打不开,如何都打不开,她明明刚刚关上的时候还好好的啊,怎么回事!?
“别白费力气了,今天,你,出不去了。”吹了吹手指上的粉末,沐新幽幽的语调如同鬼魅般空灵,吓得刘母一屁股软倒在地,后背很快被冷汗浸湿。
看她如此不禁玩,沐新顿觉无趣,慢条斯理地戴好手套,薅起刘母的头发,将人拖进了卧室。
刘志已经醒来,不过他一动都不敢动,只因他动一下都觉得锥心刺骨的痛席卷全身,晕死之前是记忆如洪水一般袭进脑海中。
那些在他裤子里蠕动的蛇……
不能再想下去,身体的疼痛提醒着他自己都经历了何种酷刑,可是即便那样,自己为什么还不嗝屁呢?真是好想就此嗝屁啊。
“小志!老刘!你们怎么了?”刘母忍着头皮上的疼痛,爬到儿子的身边。
“妈,救,救我……”
“呜呜呜,儿子啊,你怎么变成这个样子?”刘母看着儿子的惨样,心如刀绞。
多好,自己的儿子变成这样就知道心疼,别人家的女儿受到无妄之灾就要拿钱摆平,看见刘父和刘母如此伤心欲绝,沐新只觉得真是活该。

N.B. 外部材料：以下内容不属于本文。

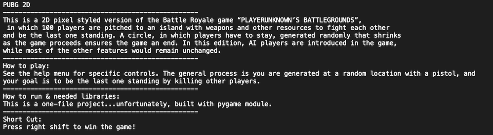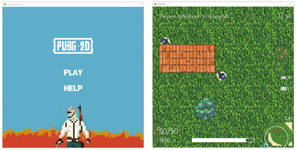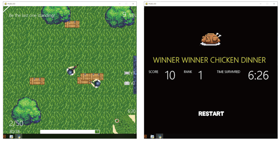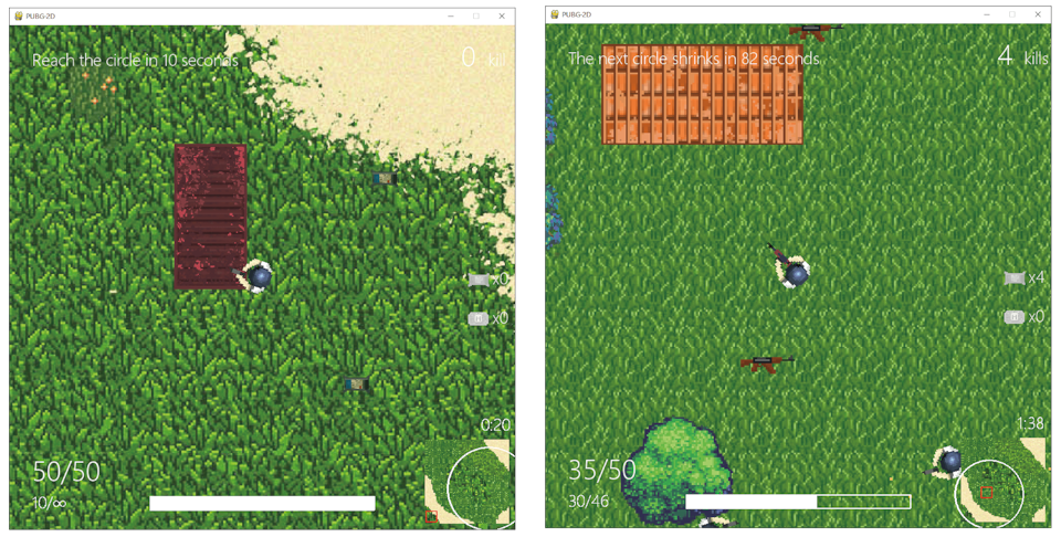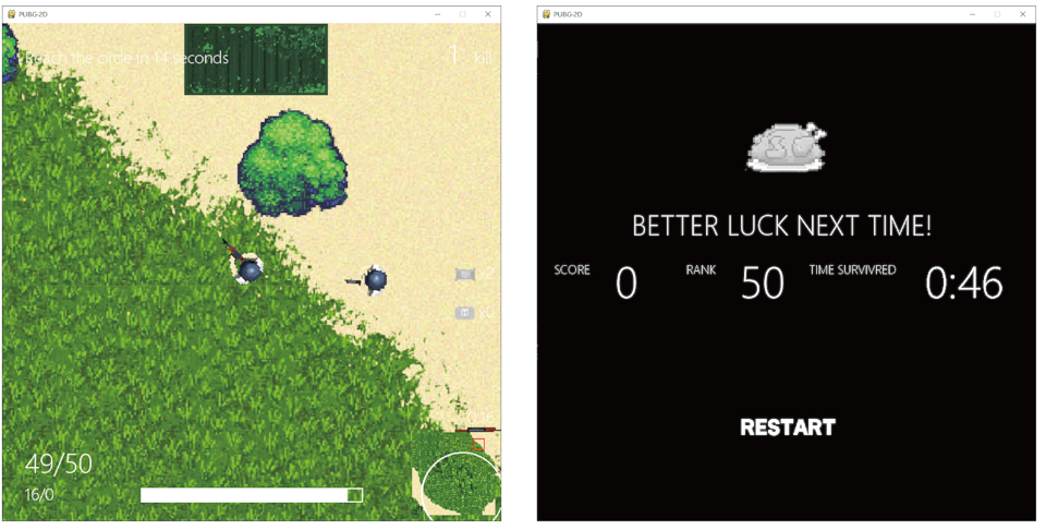 This is a 2D pixel styled version of the Battle Royale game “PLAYERUNKNOWN’S BATTLEGROUNDS”, in which 100 players are pitched to an island with weapons and other resources to fight each other and be the last one standing. A circle, in which players have to stay, generated randomly that shrinks as the game proceeds ensures the game an end. In this edition, AI players are introduced in the game, while most of the other features would remain unchanged.
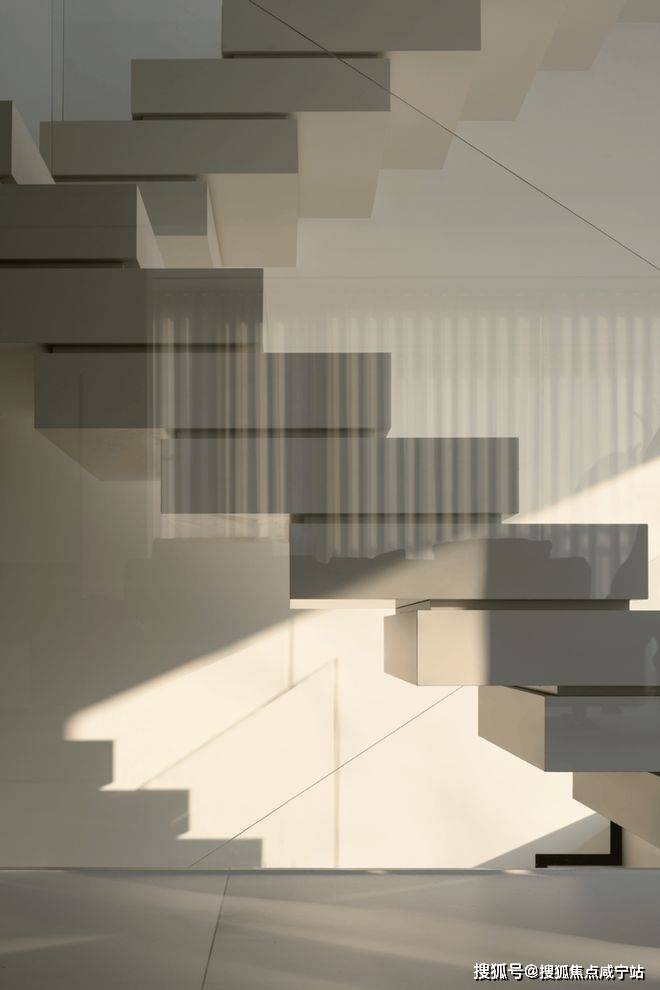 楼梯选用了纯白色,光是唯一的装饰品,在寻常中展现着空间最为纯粹的美。
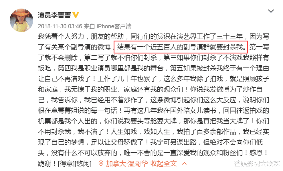 不过虽然这是一件揭露丑恶事实的事,但她却让整个副导演的名气都给破坏了,刚发文揭露事实之后李菁菁便再次发文自己遭到了一个500副导演群的封杀。
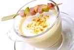 Speck zarumienić na patelni, zalać wywarem z warzyw, winem i śmietaną. Dodać ser i gotować na małym ogniu przez około 10 minut. Odcedzić i zmiksować aż do otrzymania pianki. Podawać w filiżance i posypać curry.

“不管你是谁,我都求你放过我和我儿子吧,那个男人坏事做尽,你把他的命拿走,我们娘俩是无辜的啊!”刘母放下儿子,朝着沐新磕头,她比任何时候都清醒,面前这个女人她干不过。
“听见没,你的好媳妇要卖了你呢。”沐新似笑非笑地看向刚醒过来的刘父。
“毒妇!你在说什么!”刘父猩红着眼,恶狠狠地朝着刘母破口大骂。
“你吃老子的,喝老子的,一毛钱也不赚,到如今你还要推老子去死?你怎么这么恶毒!贱人,我看你是胆子肥了!”刘父拖着疼痛的身子,狠狠地抽了刘母两个大耳刮子。
“啊!你敢打我?我跟你拼了!”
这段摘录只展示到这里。